# Radius Turning Attachment



## GWRdriver (Apr 22, 2011)

I had gotten to the point where on my current locomotive project, and for projects down the road, I would need a good radius turning attachment (RTA) so a few weeks ago I stopped everything and built one. I based my project on an RTA design I was directed to on the Interweb and modified that to suit my lathe, the capacity I anticipated needing, and the materials I had on hand (some odd-ball chunks of cast iron.)

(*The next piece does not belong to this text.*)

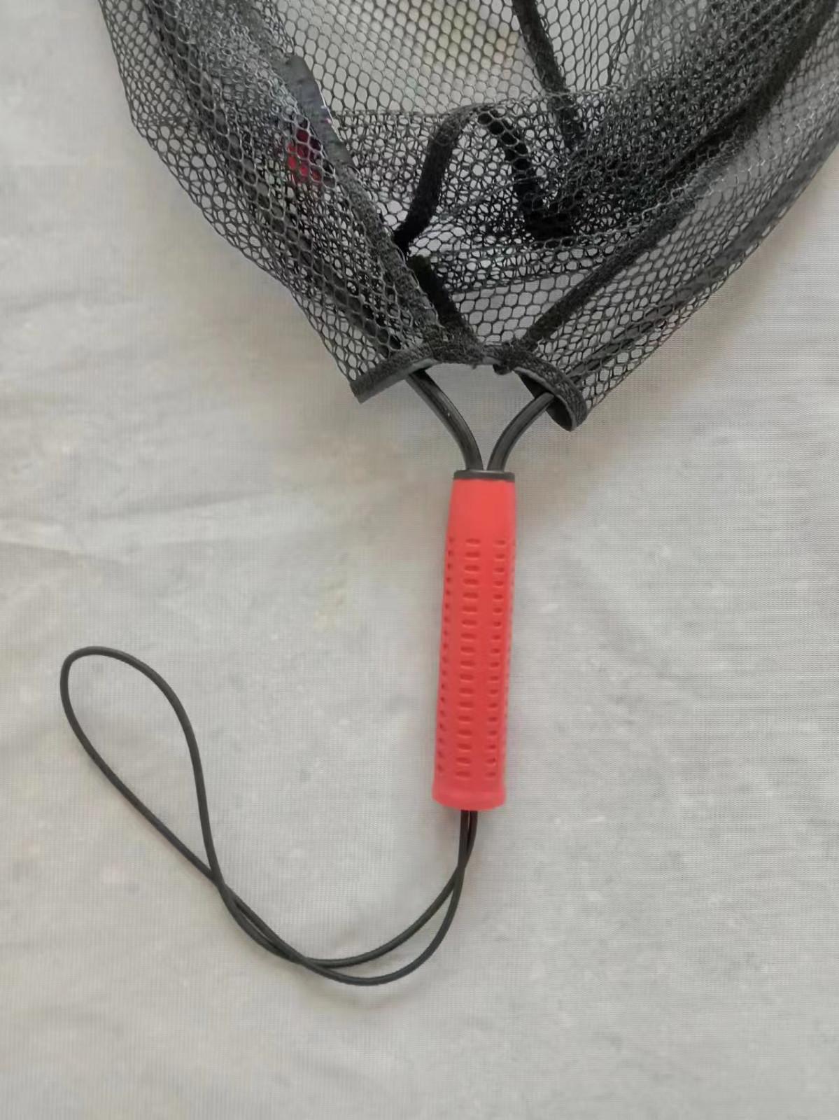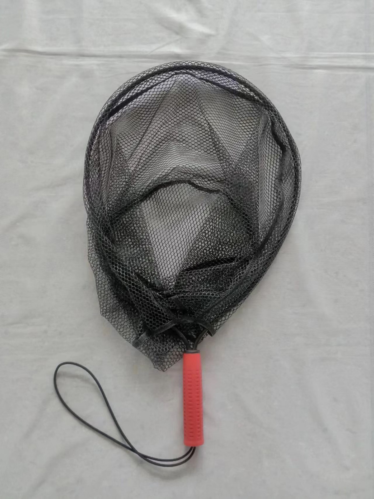 一體式抄網,鋁制網圈+塑料把手+黑色彈力繩,簡易使用,方便攜帶,掛膠網

The base is a slice of cast iron which is made an exact copy of the base of my lathe compound and bolts on in the same manner. The compound sits on a 5/8" diam bored pivot pin hole so the RTA base uses what would have been a pivot pin as the boss which contains the pivot pin of the RTA dovetail base. The dovetail base is also cast iron and is slit to allow the dovetail slide to be snugged up or clamped solid. The tool post is also cast iron and will accomodate up to 3/8" tool bits. The largest OD it is designed to cut is 4" although if pressed it will go larger, and it will cut concave to about the same radius. The job took about two weeks of spare time, including research and drawings. There is a learning curve and minor bugs are being worked out, and an adjustable feedscrew is yet to be added.  It's shown here cutting the underside flare of a copper smokestack cap for a 1.5" scale locomotive.


----------



## Starlight Tools (Apr 23, 2011)

Harry 

Nicely made, will serve you well for years to come.

Walter


----------



## GWRdriver (May 1, 2011)

Thanks Walter. Here is the result of the last job on it, the stack cap for my current locomotive project. The diameter across the "fin" is 2.75"  I managed to get a really good finish on my final passes so the finish you see was achieved by giving that a touch with 600 and then 1200gr emery successively, and it has since been polished out with red rouge on a cotton wheel. Now all it needs is about 80 years of regular Brassoing and it will look like something.


----------